The co-chairman of President Barack Obama’s 2010 fiscal commission said it’s unlikely the president and Congress will reach a deal by the end of this year to avert the so-called fiscal cliff.
Erskine Bowles, also a former chief of staff to President Bill Clinton, estimated there is a one-third probability the sides will strike a deal by the end of this year. Speaking today at a breakfast in Washington sponsored by the Christian Science Monitor, he said there’s another one-third chance that all sides will reach a deal early in 2013.
“I’m really worried,” Bowles told reporters. “I believe the probability is we’re going over the cliff.”
Bowles isn’t involved in the budget negotiations, though he said he met with Obama yesterday. He also was among a group of company leaders who met today with House Republicans. Following the meeting, Bowles told reporters he sensed no greater willingness by Republicans to let income tax cuts for high earners expire Dec. 31 as Obama is demanding.
“We’ve got a very long way to go and very few days to get there,” he said.

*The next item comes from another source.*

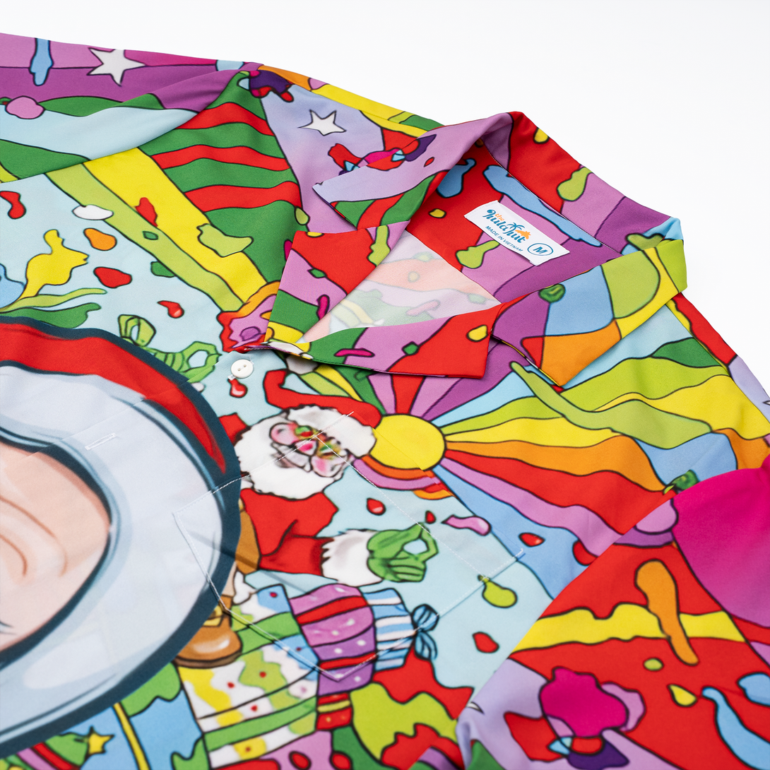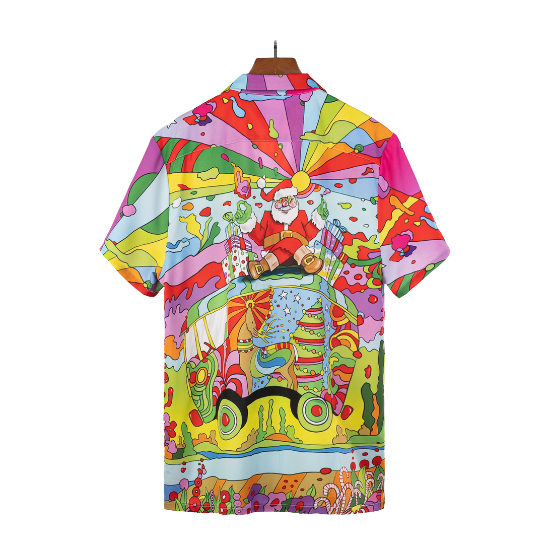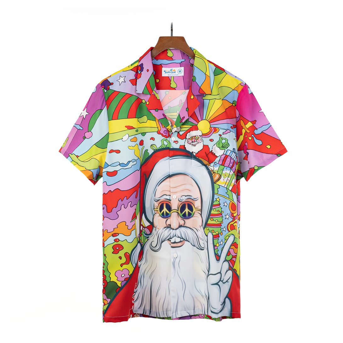 Spread peace and holiday cheer with this groovy Hawaiian shirt featuring psychedelic Santa designs and vibrant rainbow colours. Perfect for alternative Christmas parties, music festivals, and creative holiday celebrations, this unique design appeals to free-spirited individuals. Ideal for men who embrace counterculture and want to celebrate Christmas with a fun, unconventional twist.

Bowles didn’t describe his conversation with the president.
“There’s no scientific basis for me to say one-third, it’s just what I feel having spent my life as a negotiator,” Bowles said. As “people begin to react” and economic news comes out in the fourth quarter, there’s another one-third chance “you get something done real quick” in 2013, he said.
“That’s still leaves that one-third that we could actually have real chaos and no deal, and I think that would be a disaster,” Bowles said, a message he said he relayed to Obama.
While House Speaker John Boehner today reiterated his opposition to touching income tax rates, he also said he is “optimistic” that talks with Obama will continue.
The bond market isn’t showing anywhere near the same level of concern.
As the national debt has soared to more than $16 trillion from less than $9 trillion in 2007, U.S. borrowing costs have tumbled.
The yield on the 10-year note touched a record low 1.379 percent on July 25, down from more than 5 percent in mid-2007 before the financial crisis. The super-low yields have pushed rates for mortgages, car loans and corporate borrowing to historic lows.
The “sticking points” for a budget deal are the president’s call for $1.6 trillion in new tax revenue and the fact that “there’ve been no serious discussions” so far on changes to entitlement programs, Bowles said.
Based on his White House meeting yesterday, Bowles said, he also believes there is “flexibility” in the president’s call to let George W. Bush-era tax cuts expire for the wealthiest Americans.
“I didn’t sense it, I heard it” directly from Obama, he said. Bowles said while Obama believes the major portion of revenue should come from ending the tax cuts for the top 2 percent of taxpayers, a plan also could include limiting some deductions and credits, an approach favored by Republicans.
The Campaign to Fix the Debt, founded by Bowles and former Republican Senator Alan Simpson of Wyoming, is working to gather corporate and grassroots support for a bipartisan plan to cut the U.S. deficit by trimming entitlements and increasing revenue.